この研究成果は『Science[https://www.science.org/doi/10.1126/science.adz4676]』誌(2026年1月22日付)に掲載された。

宇宙ゴミの落下地点を地震計で特定

 宇宙ゴミ(スペースデブリ)とは、地球の軌道上に放置された人工物の破片のことだ。

 2026年現在の最新データによれば、地上から追跡可能な10cm以上の破片だけで約4万個、さらに小さな破片を含めると1億3000万個以上が地球を包囲するように飛び交っている。
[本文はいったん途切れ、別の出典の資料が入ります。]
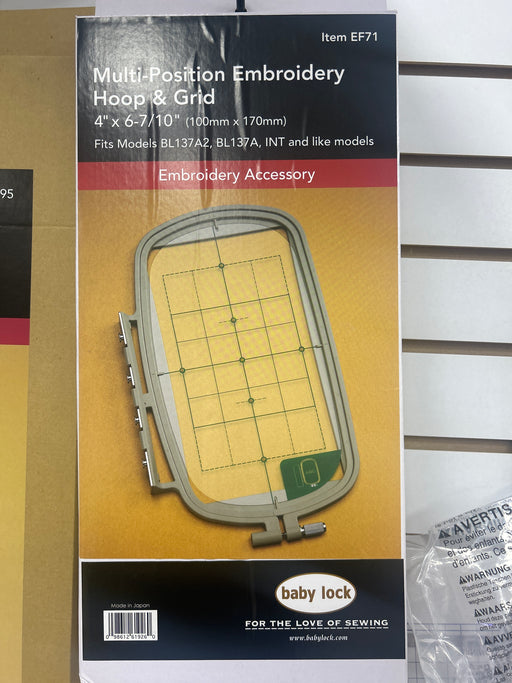 View full detailsBaby Lock EF71 Multi-Position Embroidery Hoop – 4" x 6-7/10" Expand your embroidery possibilities with the Baby Lock EF71 Multi-Position Embroider...

 アメリカのジョンズ・ホプキンス大学のベンジャミン・フェルナンド博士を中心とする国際共同研究チームは、すでに世界中に設置されている「地震計」のネットワークを利用して、落下する宇宙ゴミを精密に追跡する方法を考案した。

 もちろん、宇宙ゴミが落ちてくる前に場所を完全に予測できれば理想的だ。

 現在のレーダー技術でも、宇宙空間にいる間はある程度の予測が可能である。しかし、いざ宇宙ゴミが大気圏に突入すると、空気の密度や機体の形状、激しい回転などによって受ける空気抵抗が複雑に変化する。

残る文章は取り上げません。